Having given him this warning, she mounted her chariot drawn by swans, and drove away through the air. But Adonis was too noble to heed such counsels. The dogs had roused a wild boar from his lair, and the youth threw his spear and wounded the animal with a sidelong stroke. The beast drew out the weapon with his jaws, and rushed after Adonis, who turned and ran; but the boar overtook him, and buried his tusks in his side, and stretched him dying upon the plain.

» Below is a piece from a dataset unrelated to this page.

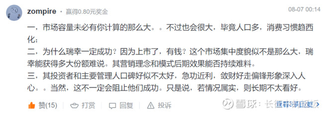 第四个高票赞不看好瑞幸的理由是@zompire,正派哥说的瑞幸的管理层口碑不好,敛财好走偏锋形象深入人心。
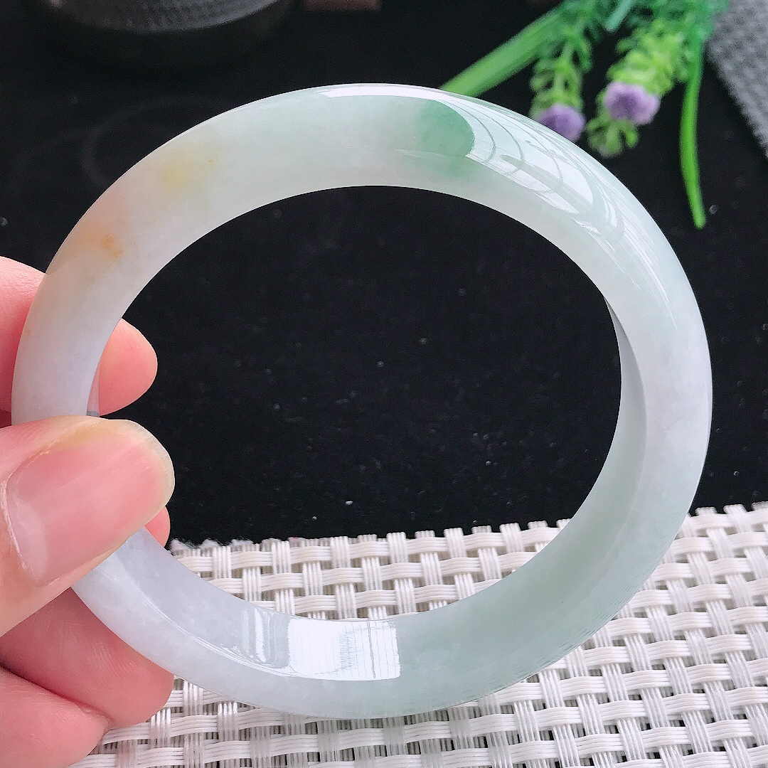A货天然翡翠冰糯种黄飘花手镯59圈重量50.66 4月11日

Venus, in her swan-drawn chariot, had not yet reached Cyprus, when she heard coming up through mid-air the groans of her beloved, and turned her white-winged coursers back to earth. As she drew near and saw from on high his lifeless body bathed in blood, she alighted and, bending over it, beat her breast and tore her hair. Reproaching the Fates, she said, "Yet theirs shall be but a partial triumph; memorials of my grief shall endure, and the spectacle of your death, my Adonis, and of my lamentations shall be annually renewed. Your blood shall be changed into a flower; that consolation none can envy me." Thus speaking, she sprinkled nectar on the blood; and as they mingled, bubbles rose as in a pool on which raindrops fall, and in an hour's time there sprang up a flower of bloody hue like that of the pomegranate. But it is short-lived. It is said the wind blows the blossoms open, and afterwards blows the petals away; so it is called Anemone, or Wind Flower, from the cause which assists equally in its production and its decay.
Milton alludes to the story of Venus and Adonis in his "Comus":
"Beds of hyacinth and roses
Where young Adonis oft reposes,
Waxing well of his deep wound
In slumber soft, and on the ground
Sadly sits th' Assyrian queen;" etc.